An abnormal HTTPError instance has an integer code attribute, indicating the error status code returned by the server.
The default handler of the urllib2 module can process redirection (the status code is in the range of 300), and the status code is within the range of-, indicating success. Therefore, the range of status codes that can cause an HTTPError exception is 400-599.
When an error occurs, the server returns the HTTP error code and error page. You can use the HTPError instance as the return page, which means that the HTTPError instance not only has the code attribute, but also has methods such as read, geturl, and info.

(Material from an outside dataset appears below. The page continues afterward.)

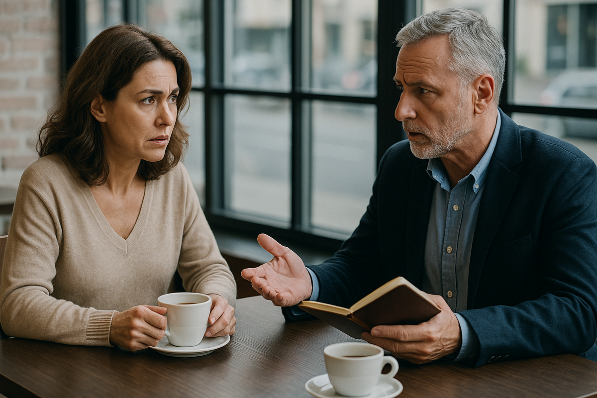 Иногда кажется, что с возрастом мужчины становятся мудрее. Но потом ты встречаешь такого... С блокнотиком и условиями. Сначала он показался спокойным. Без пафоса, без «солнышек», без флирта на грани. Просто мужчина, который любит книги, кофе и говорит, что «всё уже доказал в жизни». Познакомились в сети - не на сайте знакомств, а в группе по интересам. Обсуждали одного автора, он написал комментарий, я ответила. Потом завязалась переписка. Неспешная, взрослая. Он писал грамотно, без смайлов, без давления. Даже это казалось редкостью. Через пару недель предложил встретиться. В кафе, недалеко от моего дома. Он приехал на 15 минут раньше. Сидел за столиком, пил чёрный чай. На мне задержался взгляд, он встал, поздоровался. Всё чинно. Он держался с достоинством, но без позы. Первая встреча прошла спокойно. Он рассказывал, что живёт один, что устал от суеты и не хочет больше «разборов полётов». Я слушала и ловила себя на мысли, что мне приятно это спокойствие. Во втором разговоре он спросил

#! /usr/bin/env python#coding=utf-8import urllib2url="http://cs.scu.edu.cn/~duanlei"try: response=urllib2.urlopen(url)except urllib2.HTTPError,e: print e.code print e.read()
3. Summary
If you want to process URLError and HTTPError in the code, the code is as follows:
#! /Usr/bin/env python # coding = utf-8import urllib2url = "xxxxxx" # URLtry: response = urllib2.urlopen (url) need T urllib2.HTTPError, e: # HTTPError must be placed before URLError print "The server couldn't fulfill the request" print "Error code:", e. code print "Return content:", e. read () Failed t urllib2.URLError, e: print "Failed to reach the server" print "The reason:", e. reasonelse: # something you shoshould do pass # handle other exceptions #! /Usr/bin/env python # coding = utf-8import urllib2url = "http: // xxx" # URLtry: response = urllib2.urlopen (url) cannot urllib2.URLError, e: if hasattr (e, "reason"): print "Failed to reach the server" print "The reason:", e. reason elif hasattr (e, "code"): print "The server couldn't fulfill the request" print "Error code:", e. code print "Return content:", e. read () else: pass # handle other exceptions
In comparison, the second exception handling method is better.